Exercise objective :: Skip all pictures. Set down only the lines starting at the line containing "Kolejnym ważnym momentem" and running to the end of the listing.

Input for this task ::
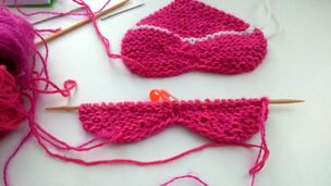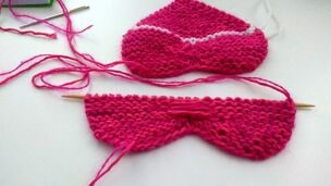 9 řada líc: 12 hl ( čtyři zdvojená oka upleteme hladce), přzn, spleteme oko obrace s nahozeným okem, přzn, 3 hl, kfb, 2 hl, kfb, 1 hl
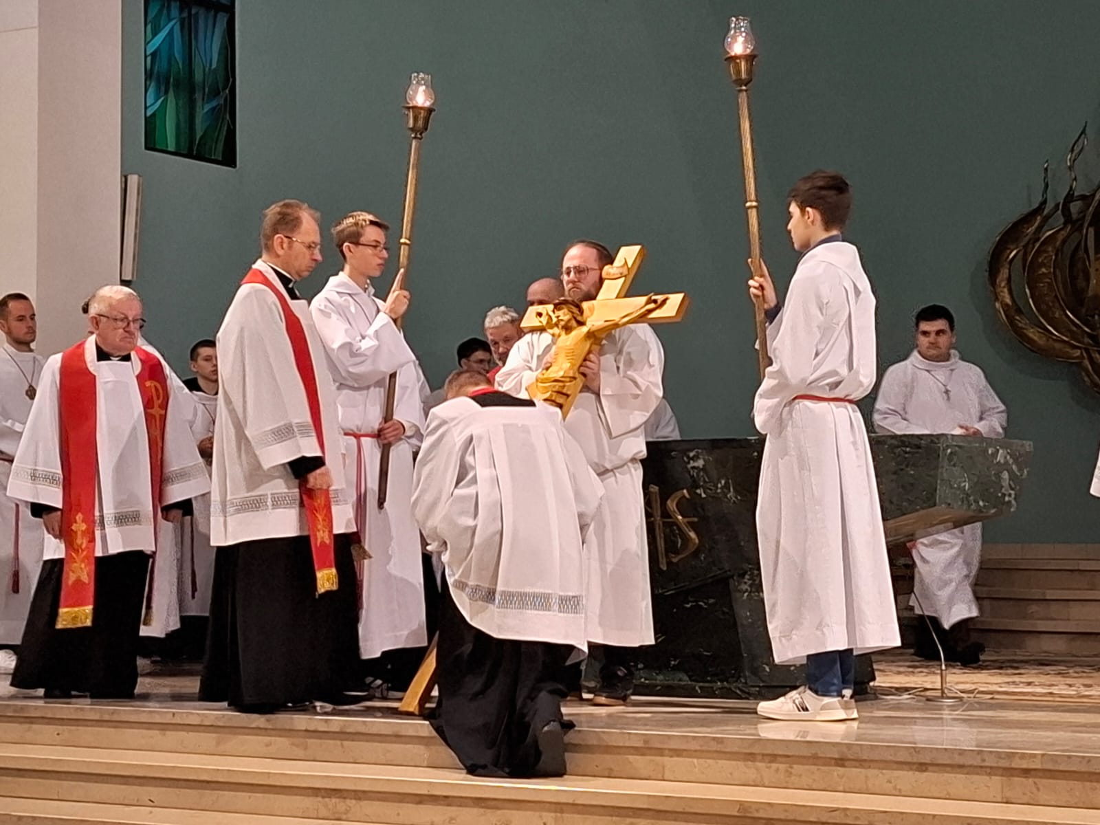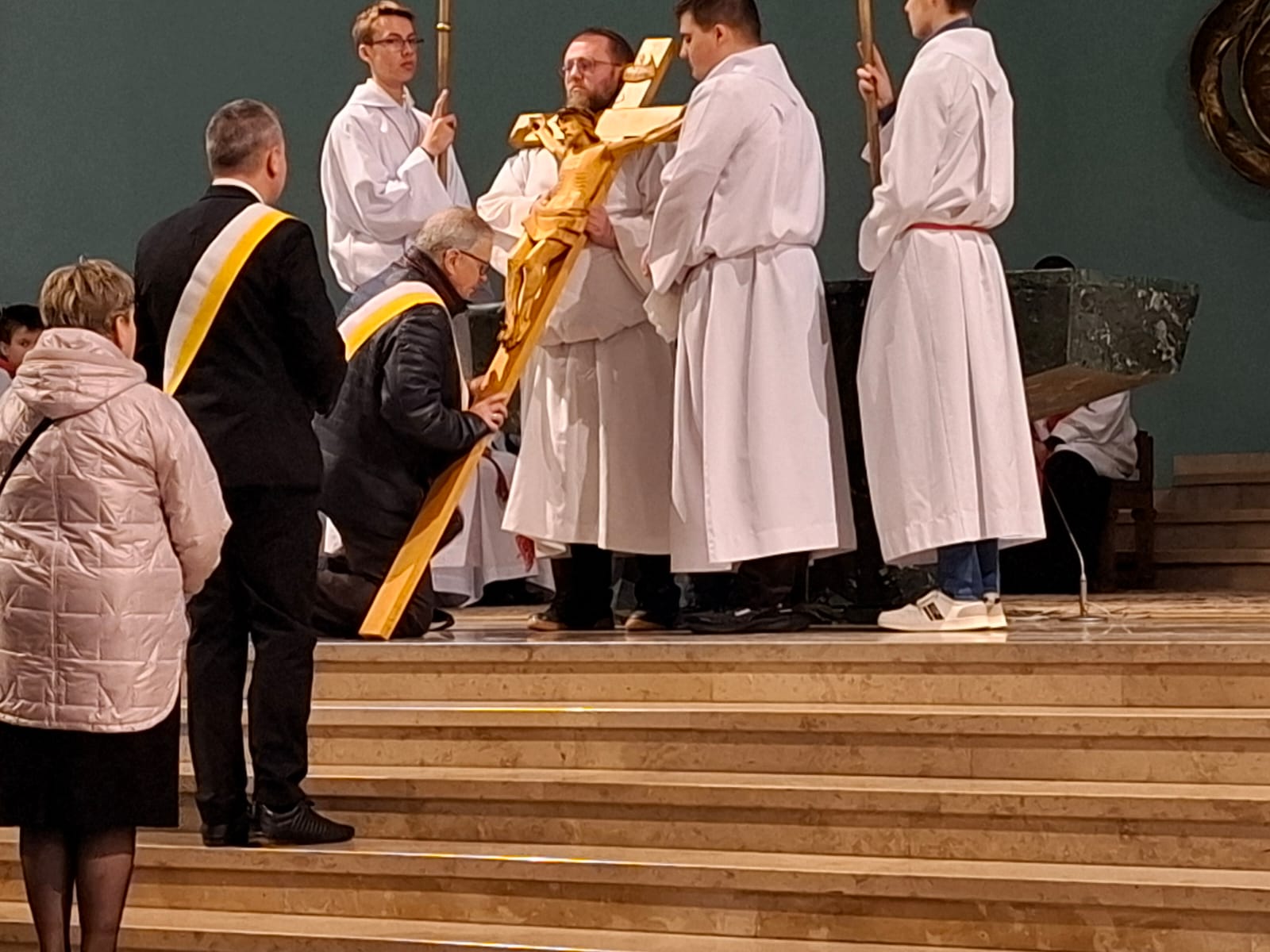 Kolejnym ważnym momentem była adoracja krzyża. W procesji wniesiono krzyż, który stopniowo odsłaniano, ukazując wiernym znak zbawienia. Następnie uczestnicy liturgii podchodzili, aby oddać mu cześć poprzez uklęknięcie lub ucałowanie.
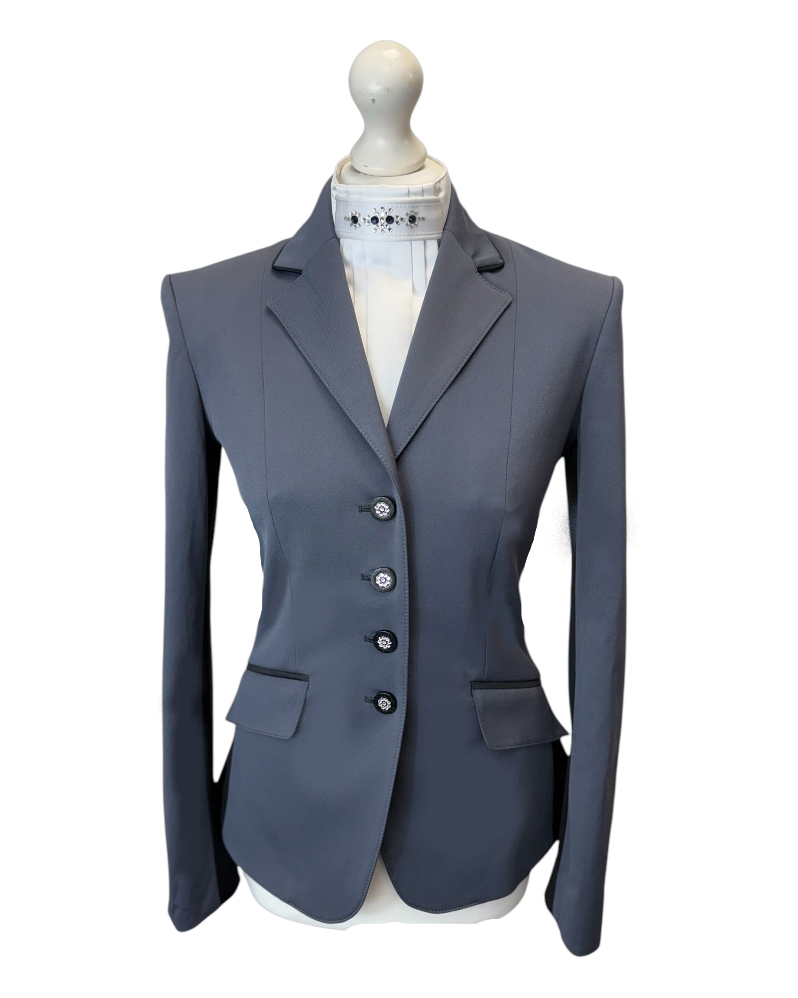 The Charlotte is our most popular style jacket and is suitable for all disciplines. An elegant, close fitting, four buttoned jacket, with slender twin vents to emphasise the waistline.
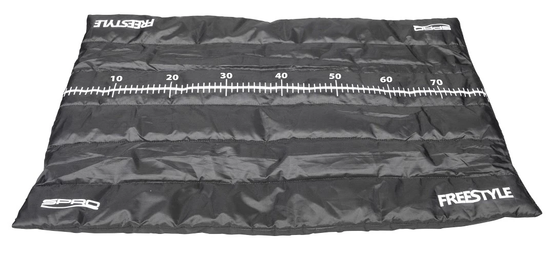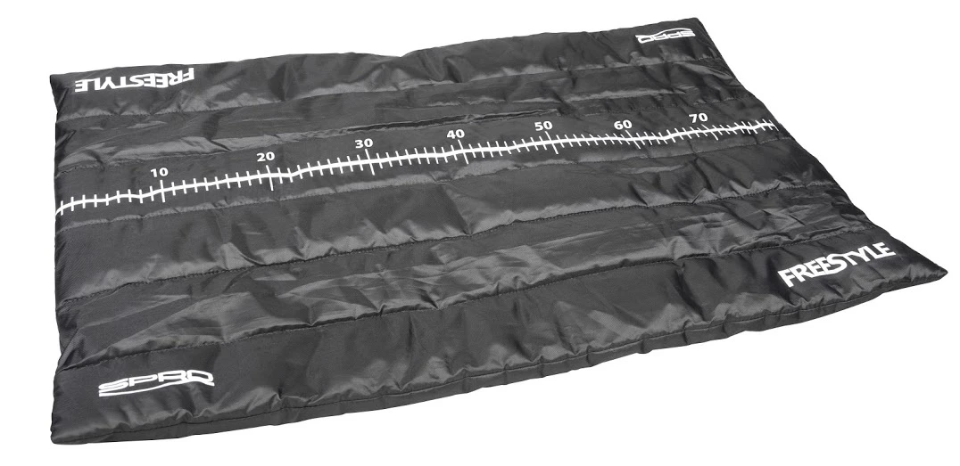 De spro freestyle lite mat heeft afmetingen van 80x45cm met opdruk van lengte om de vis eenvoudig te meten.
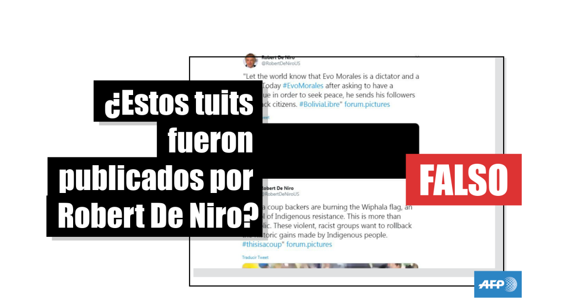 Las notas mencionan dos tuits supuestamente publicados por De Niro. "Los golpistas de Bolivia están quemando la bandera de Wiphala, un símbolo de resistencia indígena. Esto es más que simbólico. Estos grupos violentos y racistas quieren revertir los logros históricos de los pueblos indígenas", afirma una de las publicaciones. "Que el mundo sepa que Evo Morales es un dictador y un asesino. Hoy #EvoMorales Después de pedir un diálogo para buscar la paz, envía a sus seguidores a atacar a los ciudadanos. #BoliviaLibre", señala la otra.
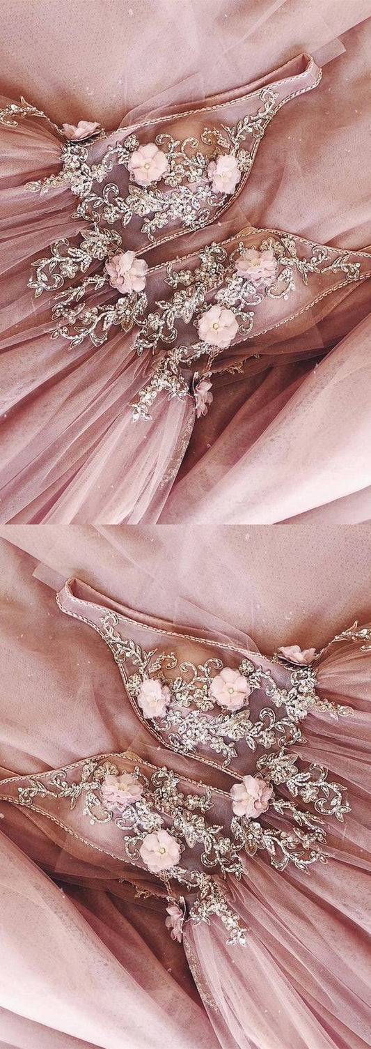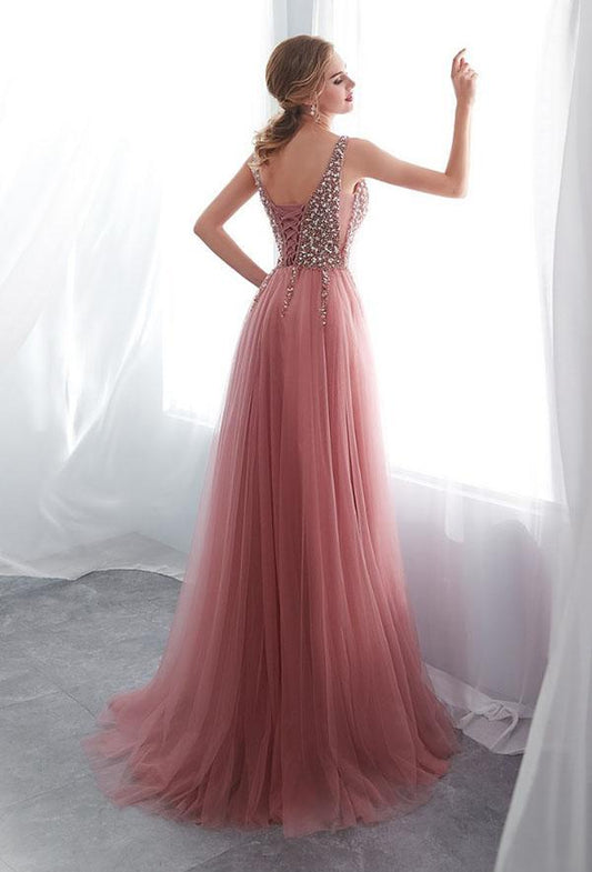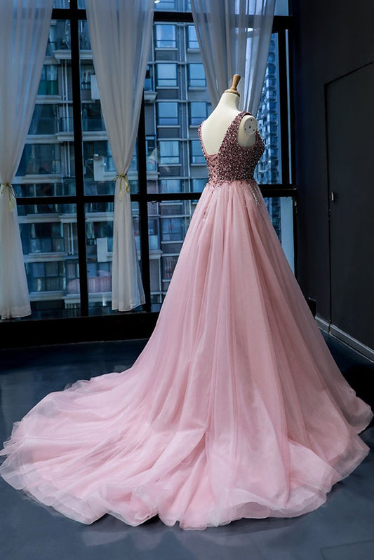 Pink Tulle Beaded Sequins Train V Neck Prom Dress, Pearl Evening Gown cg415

Reply to the exercise ::
 Kolejnym ważnym momentem była adoracja krzyża. W procesji wniesiono krzyż, który stopniowo odsłaniano, ukazując wiernym znak zbawienia. Następnie uczestnicy liturgii podchodzili, aby oddać mu cześć poprzez uklęknięcie lub ucałowanie.
 The Charlotte is our most popular style jacket and is suitable for all disciplines. An elegant, close fitting, four buttoned jacket, with slender twin vents to emphasise the waistline.
 De spro freestyle lite mat heeft afmetingen van 80x45cm met opdruk van lengte om de vis eenvoudig te meten.
 Las notas mencionan dos tuits supuestamente publicados por De Niro. "Los golpistas de Bolivia están quemando la bandera de Wiphala, un símbolo de resistencia indígena. Esto es más que simbólico. Estos grupos violentos y racistas quieren revertir los logros históricos de los pueblos indígenas", afirma una de las publicaciones. "Que el mundo sepa que Evo Morales es un dictador y un asesino. Hoy #EvoMorales Después de pedir un diálogo para buscar la paz, envía a sus seguidores a atacar a los ciudadanos. #BoliviaLibre", señala la otra.
 Pink Tulle Beaded Sequins Train V Neck Prom Dress, Pearl Evening Gown cg415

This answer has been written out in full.